**Provided records:**
--------------------

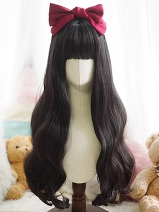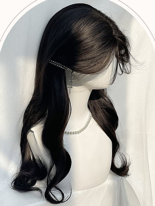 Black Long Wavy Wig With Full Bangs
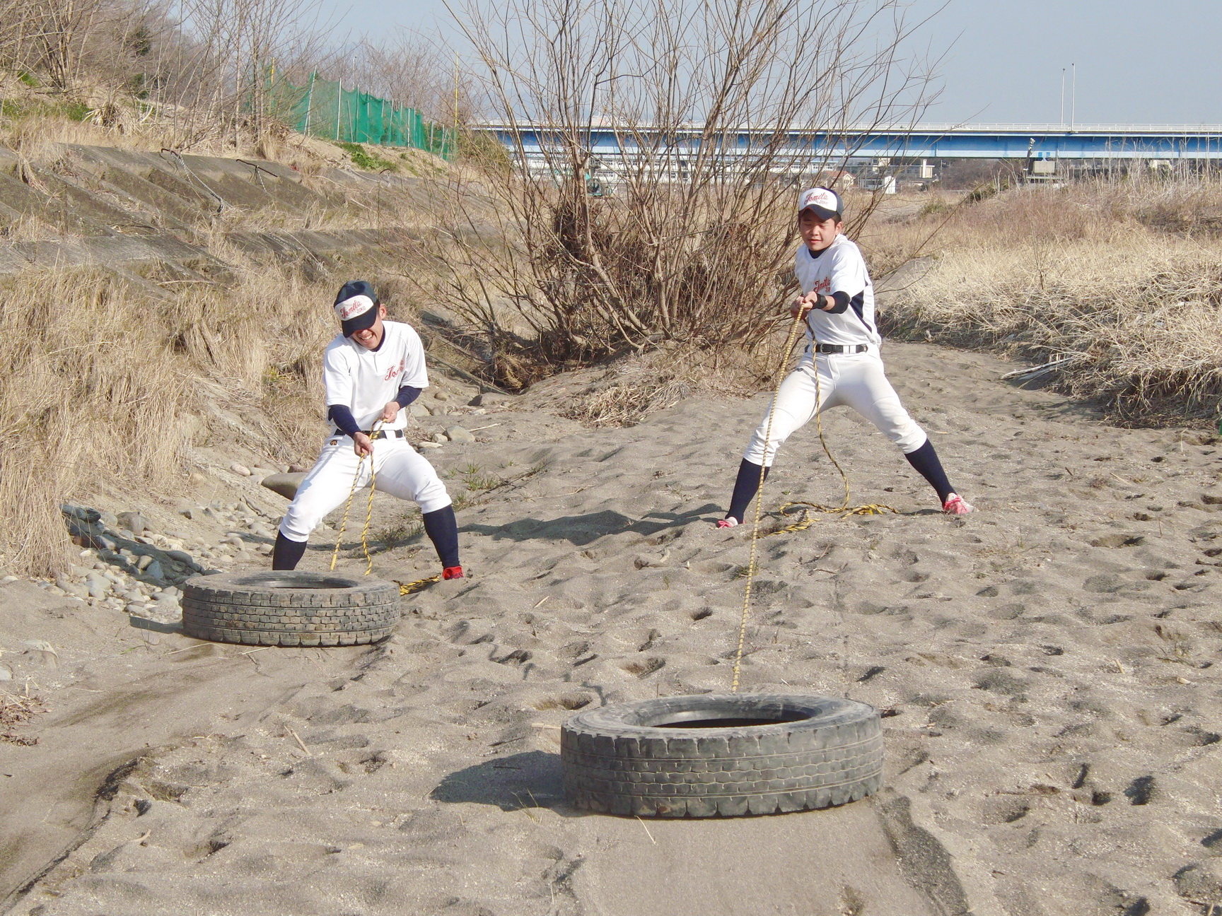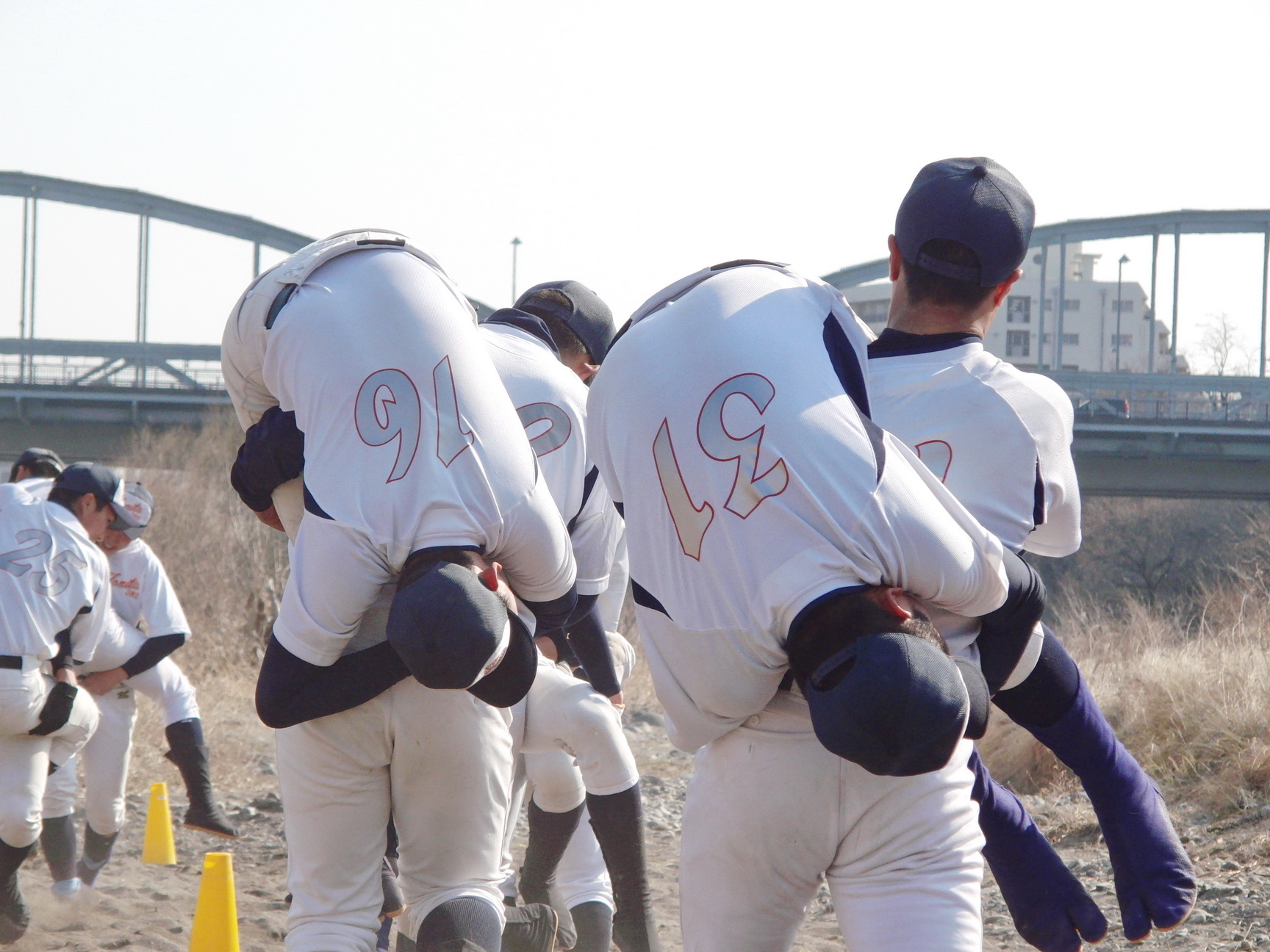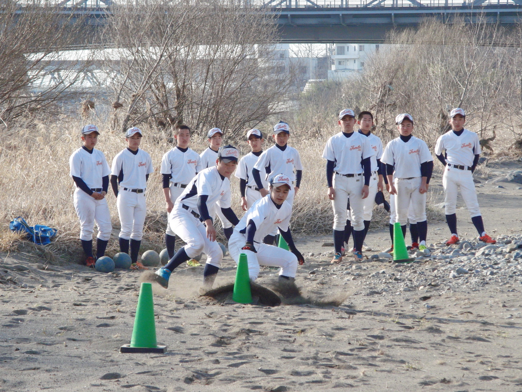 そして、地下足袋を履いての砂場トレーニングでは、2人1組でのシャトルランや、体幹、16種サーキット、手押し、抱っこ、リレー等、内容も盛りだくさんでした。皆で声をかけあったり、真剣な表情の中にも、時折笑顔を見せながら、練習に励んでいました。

--------------------

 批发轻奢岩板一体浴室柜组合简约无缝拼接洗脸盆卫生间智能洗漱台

--------------------

**Aim of the exercise:**
Without the pictures, give again exactly the lines above starting at the line containing "Black Long Wavy Wig With Full Bangs" and ending at the line containing "そして、地下足袋を履いての砂".

**Expected output:**
 Black Long Wavy Wig With Full Bangs
 そして、地下足袋を履いての砂場トレーニングでは、2人1組でのシャトルランや、体幹、16種サーキット、手押し、抱っこ、リレー等、内容も盛りだくさんでした。皆で声をかけあったり、真剣な表情の中にも、時折笑顔を見せながら、練習に励んでいました。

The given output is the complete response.